Task requirements: Down to the final line, write out the material beneath exactly, without pictures.

_ _ _

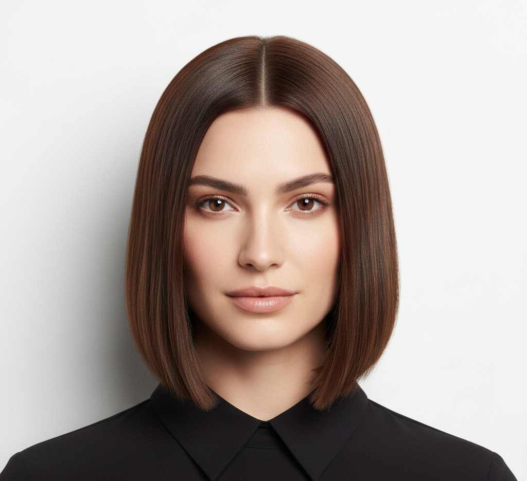 A sleek, blunt lob (long bob) that hits right at the collarbone with minimal layering for a clean, sophisticated line. The modern classic that never goes out of style.
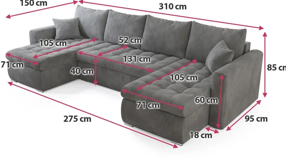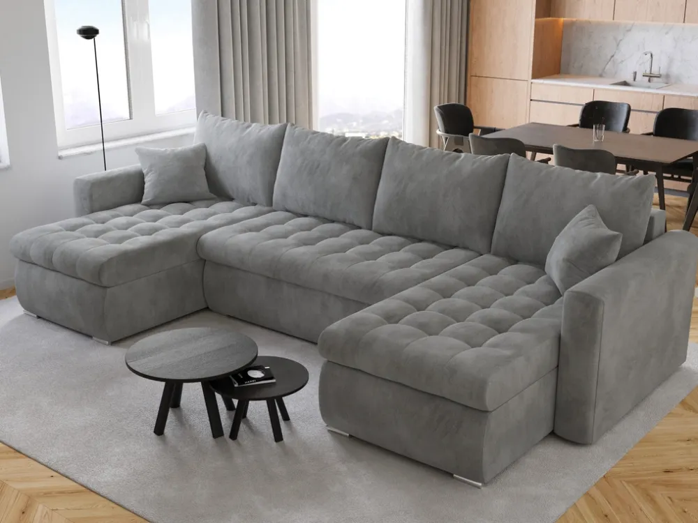 Narożniki>BROMARKT Szara welurowa rogówka rozkładana do salonu z funkcją spania LUIS U
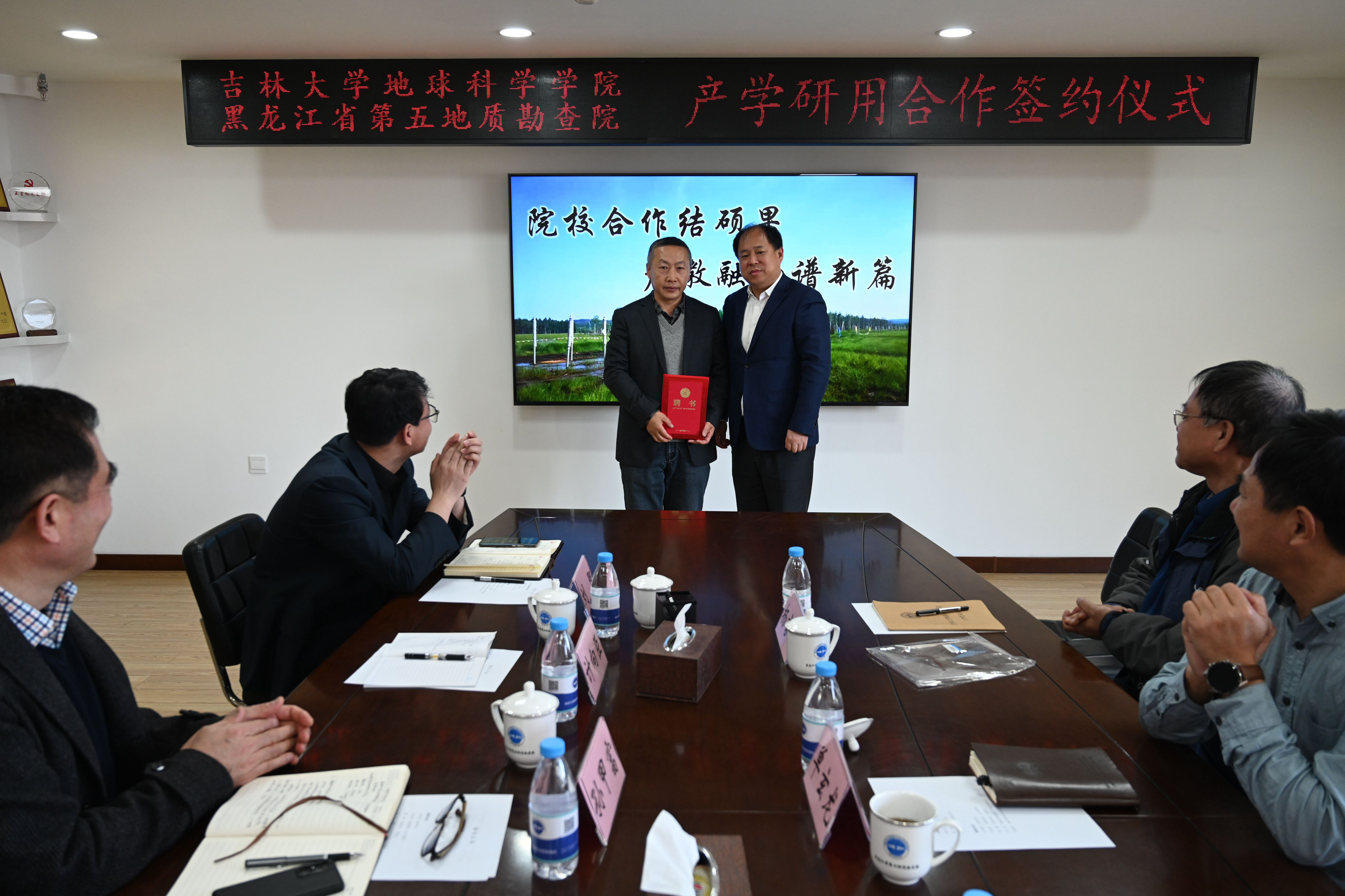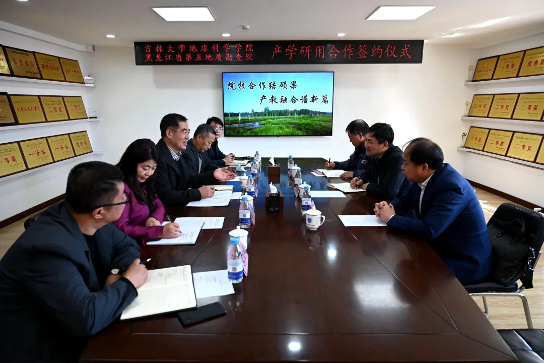 与黑龙江省第五地质勘查院举行了产学研用合作签约暨基地揭牌仪式,仪式在黑龙江省第五地质勘查院办公楼举行。学院院长单玄龙、党委书记杨洲、资源工程系主任杨言辰,黑龙江省第五地质勘查院党委书记孙甲富、总工程师计向臣、副院长雷敏及相关工作人员等8人参加了签约仪式。
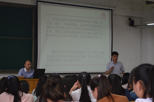 来自青岛众成海川电子有限公司的王军总经理和青岛上藤数码印花有限公司刘总经理为同学们做了精彩的演讲。刘总介绍了近几年数码印花技术在国内外的快速发展,指出其在国内所具有的广阔前景,并结合自身经历分享了依托数码印花技术创业的故事。
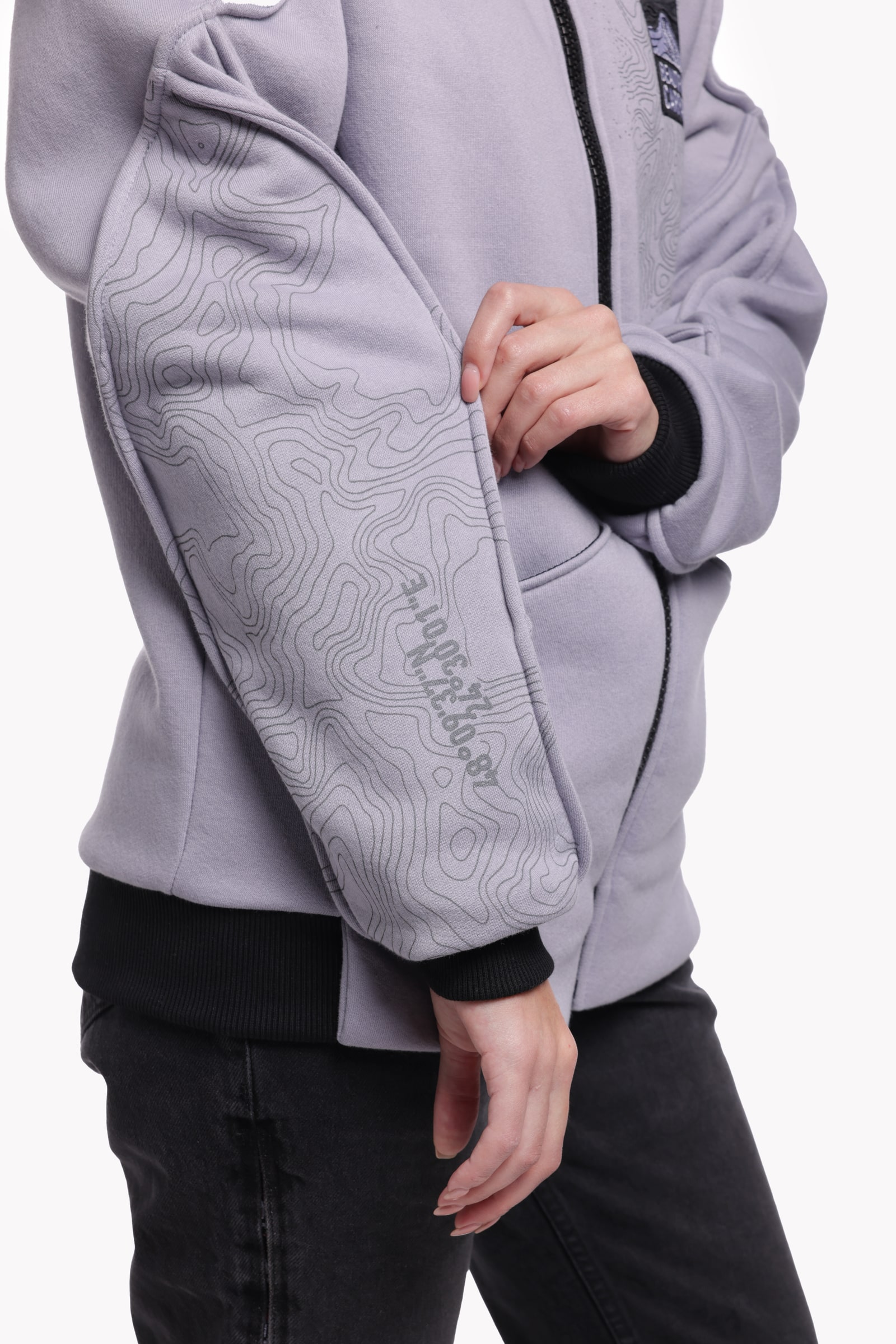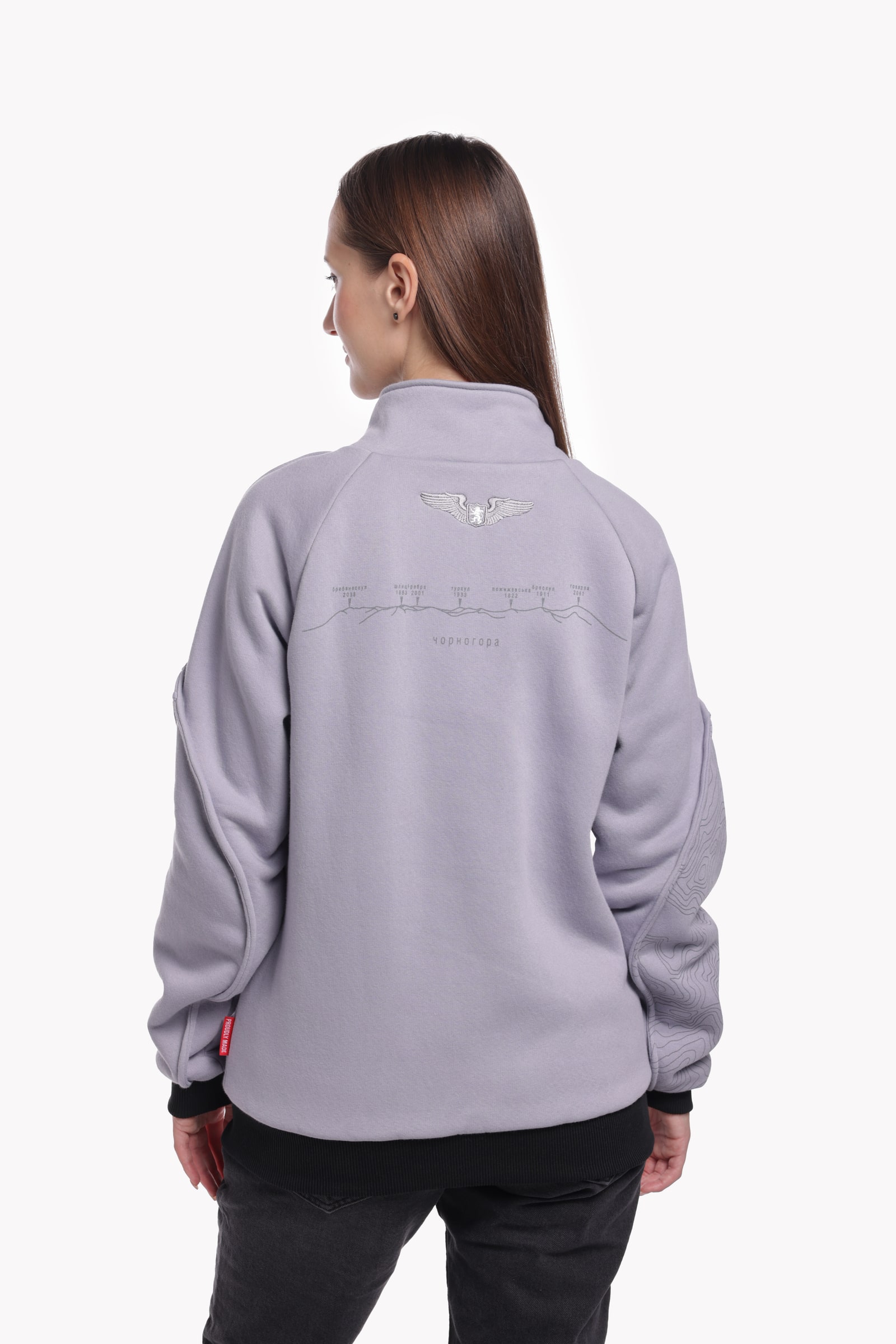 Obszerne szwy rękawów przypominają grzbiety Czarnohory – ich relief jest dosłownie wszyty w konstrukcję. Pomiędzy nimi znajdziesz nadruki ze wzorami karpackich szczytów oraz współrzędne u podnóża Howerli — żebyś nawet w miejskim zgiełku nie straciła swojego kierunku.

_ _ _

Solution for this task:
 A sleek, blunt lob (long bob) that hits right at the collarbone with minimal layering for a clean, sophisticated line. The modern classic that never goes out of style.
 Narożniki>BROMARKT Szara welurowa rogówka rozkładana do salonu z funkcją spania LUIS U
 与黑龙江省第五地质勘查院举行了产学研用合作签约暨基地揭牌仪式,仪式在黑龙江省第五地质勘查院办公楼举行。学院院长单玄龙、党委书记杨洲、资源工程系主任杨言辰,黑龙江省第五地质勘查院党委书记孙甲富、总工程师计向臣、副院长雷敏及相关工作人员等8人参加了签约仪式。
 来自青岛众成海川电子有限公司的王军总经理和青岛上藤数码印花有限公司刘总经理为同学们做了精彩的演讲。刘总介绍了近几年数码印花技术在国内外的快速发展,指出其在国内所具有的广阔前景,并结合自身经历分享了依托数码印花技术创业的故事。
 Obszerne szwy rękawów przypominają grzbiety Czarnohory – ich relief jest dosłownie wszyty w konstrukcję. Pomiędzy nimi znajdziesz nadruki ze wzorami karpackich szczytów oraz współrzędne u podnóża Howerli — żebyś nawet w miejskim zgiełku nie straciła swojego kierunku.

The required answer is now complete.